Assignment
In the entries that follow, the lines from the line containing "номинальный размер 1200x1000x2000, характеристики" up to and including the line containing "Munsell EIA-TIA 598-A" must be copied exactly, with pictures omitted.
Supplied data below:
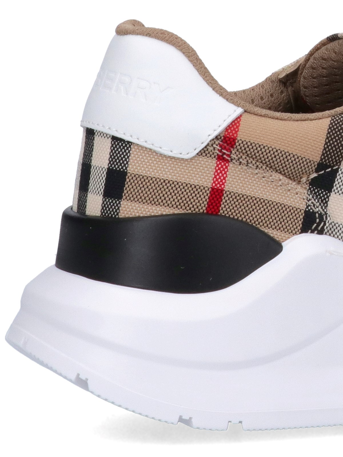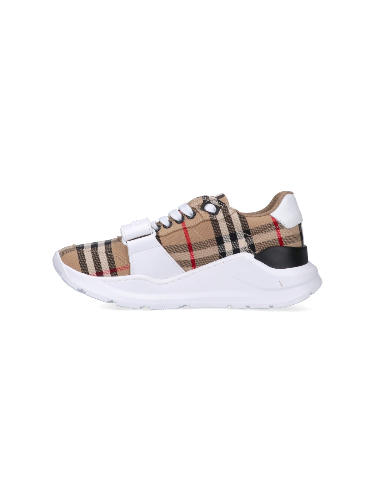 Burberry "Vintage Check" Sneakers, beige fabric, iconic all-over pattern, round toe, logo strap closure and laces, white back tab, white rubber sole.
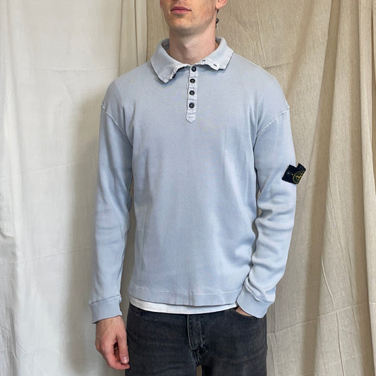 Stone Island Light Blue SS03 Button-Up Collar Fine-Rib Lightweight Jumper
End of Supplied data.
Supplied data below:
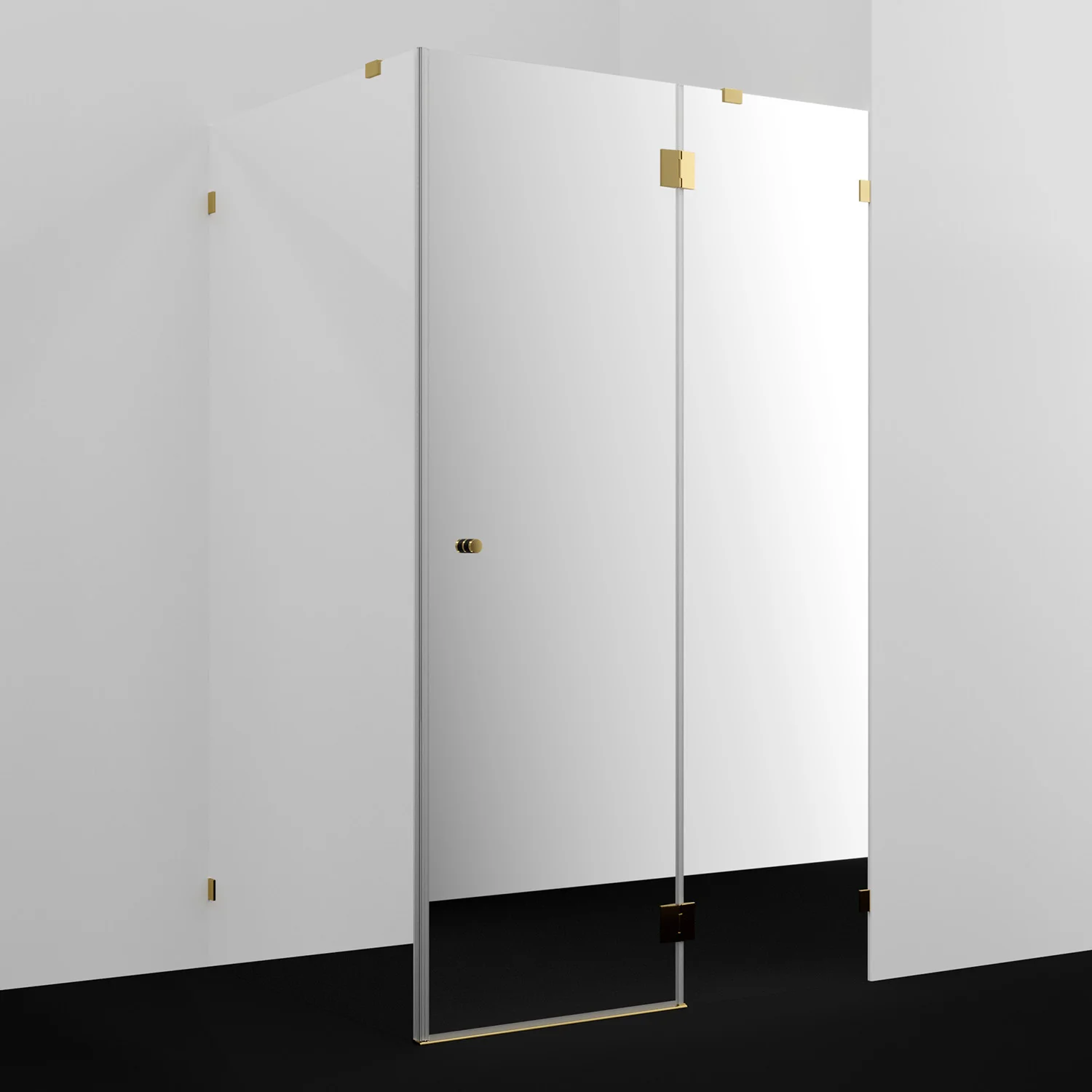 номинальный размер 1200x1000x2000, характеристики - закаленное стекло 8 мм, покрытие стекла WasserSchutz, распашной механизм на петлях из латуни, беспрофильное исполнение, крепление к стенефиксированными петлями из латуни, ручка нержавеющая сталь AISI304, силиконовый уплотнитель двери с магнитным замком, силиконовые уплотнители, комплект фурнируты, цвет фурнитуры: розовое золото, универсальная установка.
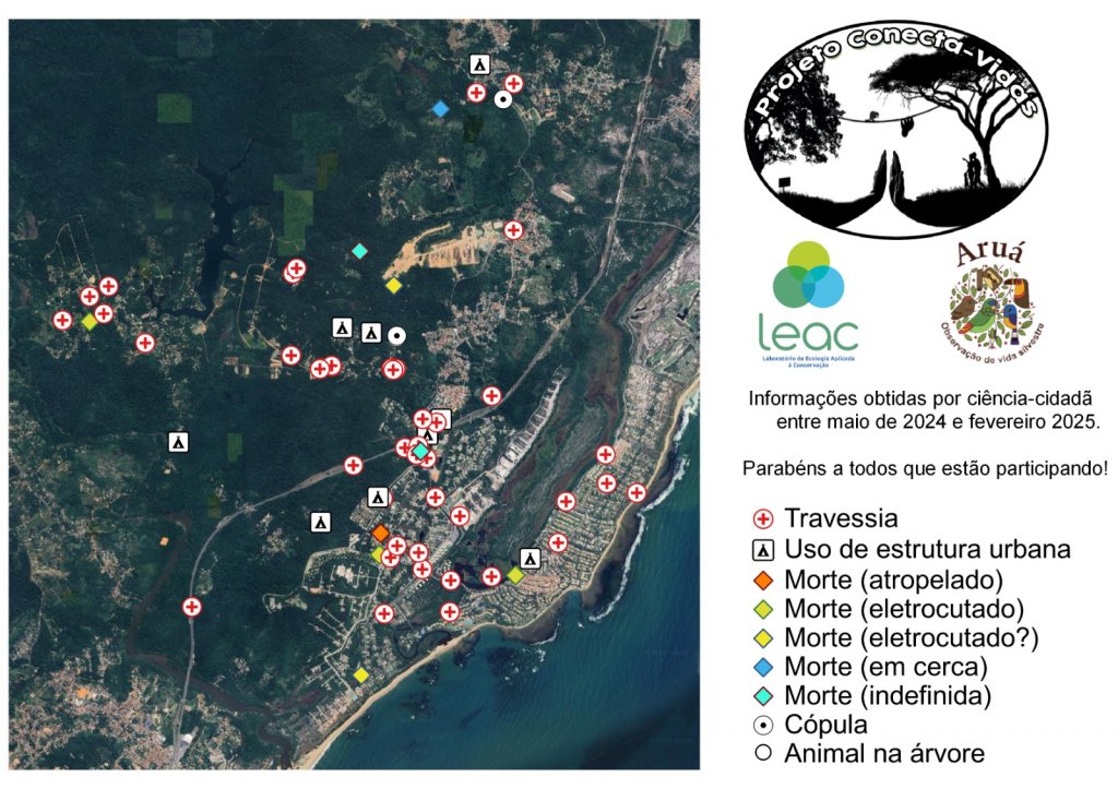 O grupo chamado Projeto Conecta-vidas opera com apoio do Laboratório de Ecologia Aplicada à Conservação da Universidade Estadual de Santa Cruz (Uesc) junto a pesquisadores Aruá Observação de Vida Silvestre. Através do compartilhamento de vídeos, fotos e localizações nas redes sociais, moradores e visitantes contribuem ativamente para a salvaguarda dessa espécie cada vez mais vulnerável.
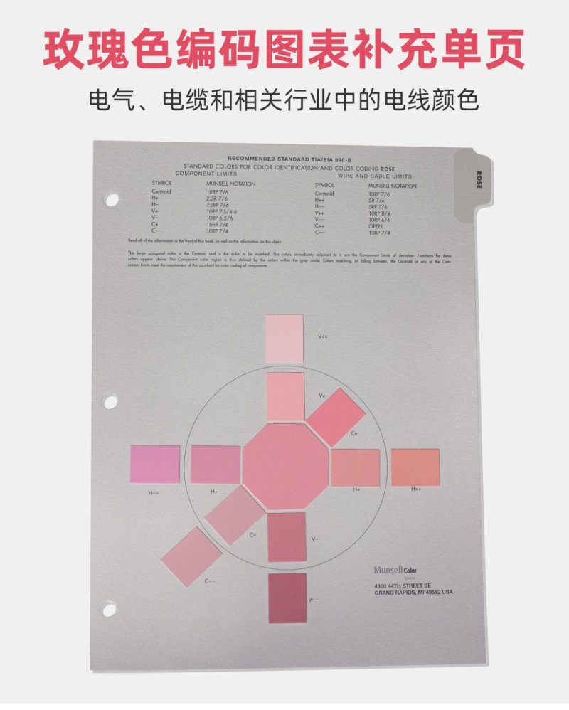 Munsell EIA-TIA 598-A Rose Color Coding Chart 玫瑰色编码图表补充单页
End of Supplied data.
Output for this task
 номинальный размер 1200x1000x2000, характеристики - закаленное стекло 8 мм, покрытие стекла WasserSchutz, распашной механизм на петлях из латуни, беспрофильное исполнение, крепление к стенефиксированными петлями из латуни, ручка нержавеющая сталь AISI304, силиконовый уплотнитель двери с магнитным замком, силиконовые уплотнители, комплект фурнируты, цвет фурнитуры: розовое золото, универсальная установка.
 O grupo chamado Projeto Conecta-vidas opera com apoio do Laboratório de Ecologia Aplicada à Conservação da Universidade Estadual de Santa Cruz (Uesc) junto a pesquisadores Aruá Observação de Vida Silvestre. Através do compartilhamento de vídeos, fotos e localizações nas redes sociais, moradores e visitantes contribuem ativamente para a salvaguarda dessa espécie cada vez mais vulnerável.
 Munsell EIA-TIA 598-A Rose Color Coding Chart 玫瑰色编码图表补充单页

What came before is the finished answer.